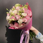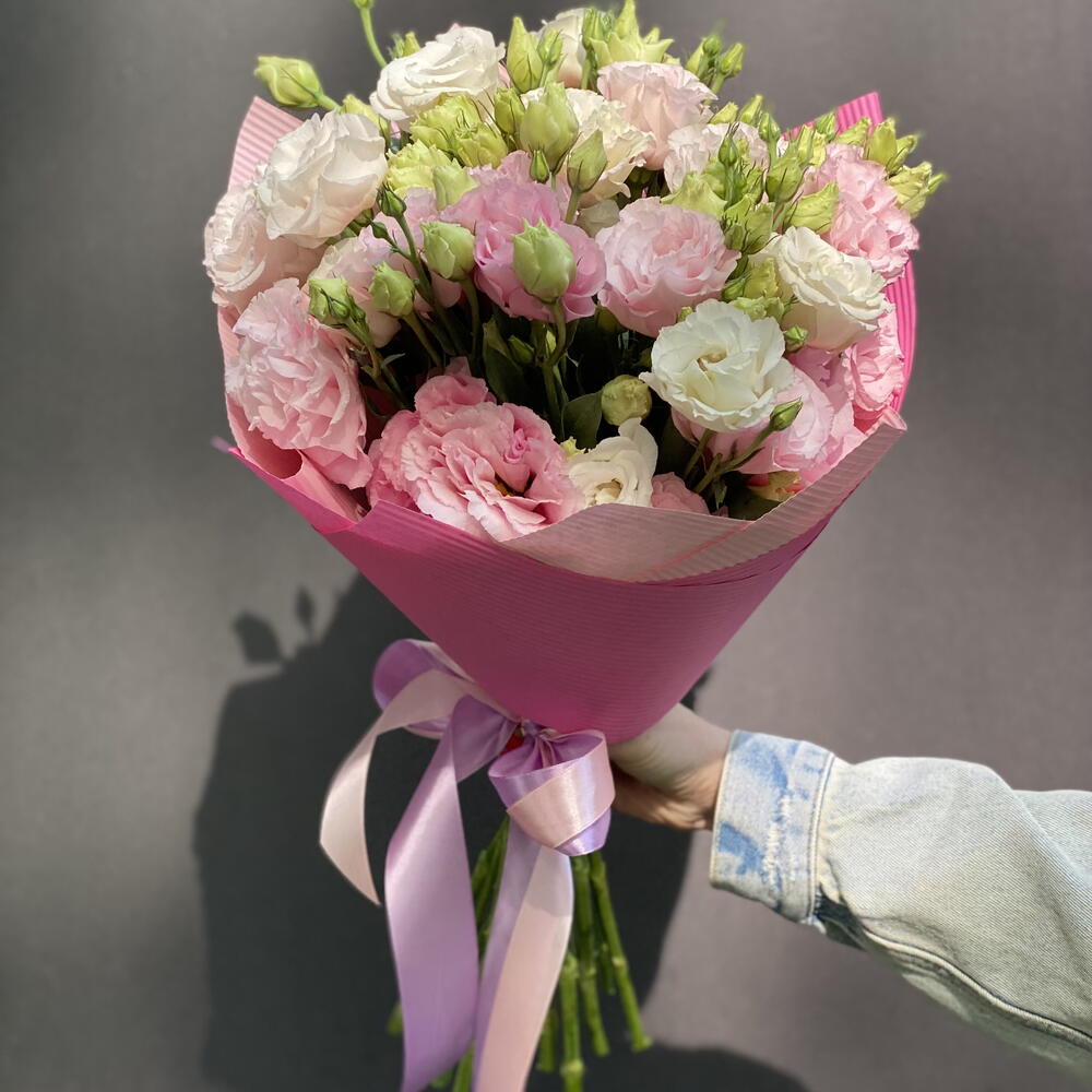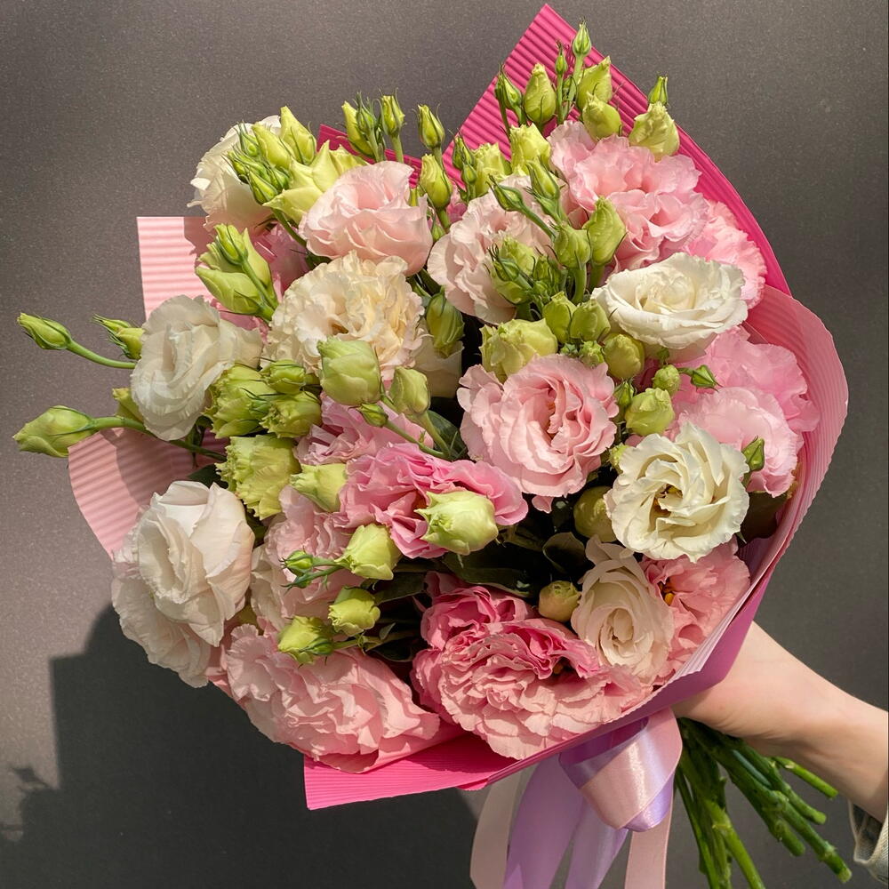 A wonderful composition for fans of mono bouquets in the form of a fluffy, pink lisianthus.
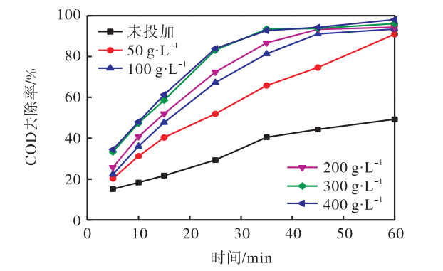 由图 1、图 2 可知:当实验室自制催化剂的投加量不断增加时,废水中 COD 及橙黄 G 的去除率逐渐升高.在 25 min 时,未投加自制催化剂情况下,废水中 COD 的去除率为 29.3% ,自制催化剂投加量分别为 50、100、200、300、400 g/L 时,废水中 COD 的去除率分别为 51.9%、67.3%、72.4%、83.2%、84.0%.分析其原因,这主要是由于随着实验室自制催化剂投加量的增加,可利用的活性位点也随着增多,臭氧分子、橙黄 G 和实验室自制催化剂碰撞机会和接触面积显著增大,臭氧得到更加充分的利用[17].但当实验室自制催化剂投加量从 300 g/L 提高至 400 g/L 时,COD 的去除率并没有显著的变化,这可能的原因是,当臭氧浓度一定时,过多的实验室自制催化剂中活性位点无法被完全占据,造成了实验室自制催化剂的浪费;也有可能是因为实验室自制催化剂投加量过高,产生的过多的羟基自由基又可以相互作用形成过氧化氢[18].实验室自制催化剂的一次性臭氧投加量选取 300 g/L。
----
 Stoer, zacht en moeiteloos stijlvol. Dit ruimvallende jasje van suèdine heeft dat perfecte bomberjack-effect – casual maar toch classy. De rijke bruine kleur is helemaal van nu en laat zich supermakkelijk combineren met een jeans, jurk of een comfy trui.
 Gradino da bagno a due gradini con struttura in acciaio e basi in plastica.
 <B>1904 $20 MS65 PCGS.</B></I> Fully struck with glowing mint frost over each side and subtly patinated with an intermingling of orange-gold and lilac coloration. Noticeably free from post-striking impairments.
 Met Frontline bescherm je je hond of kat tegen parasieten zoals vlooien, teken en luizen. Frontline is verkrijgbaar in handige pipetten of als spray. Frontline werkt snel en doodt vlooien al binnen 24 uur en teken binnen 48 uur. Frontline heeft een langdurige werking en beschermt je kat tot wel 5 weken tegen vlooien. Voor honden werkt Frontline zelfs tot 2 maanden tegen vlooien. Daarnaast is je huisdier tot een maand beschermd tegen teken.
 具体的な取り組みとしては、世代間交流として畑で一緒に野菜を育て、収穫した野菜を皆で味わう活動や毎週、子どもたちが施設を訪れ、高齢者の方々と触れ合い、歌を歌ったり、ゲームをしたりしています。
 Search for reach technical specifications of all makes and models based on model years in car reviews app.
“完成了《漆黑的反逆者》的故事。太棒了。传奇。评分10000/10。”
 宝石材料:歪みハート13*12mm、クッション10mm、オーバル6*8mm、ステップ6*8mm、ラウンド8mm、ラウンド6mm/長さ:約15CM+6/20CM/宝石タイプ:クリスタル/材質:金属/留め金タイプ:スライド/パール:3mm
----
◆ WHAT THE TASK REQUIRES
What is needed is every line of the records that contains the word "heeft".

◆ RESPONSE TO THE TASK
 Stoer, zacht en moeiteloos stijlvol. Dit ruimvallende jasje van suèdine heeft dat perfecte bomberjack-effect – casual maar toch classy. De rijke bruine kleur is helemaal van nu en laat zich supermakkelijk combineren met een jeans, jurk of een comfy trui.
 Met Frontline bescherm je je hond of kat tegen parasieten zoals vlooien, teken en luizen. Frontline is verkrijgbaar in handige pipetten of als spray. Frontline werkt snel en doodt vlooien al binnen 24 uur en teken binnen 48 uur. Frontline heeft een langdurige werking en beschermt je kat tot wel 5 weken tegen vlooien. Voor honden werkt Frontline zelfs tot 2 maanden tegen vlooien. Daarnaast is je huisdier tot een maand beschermd tegen teken.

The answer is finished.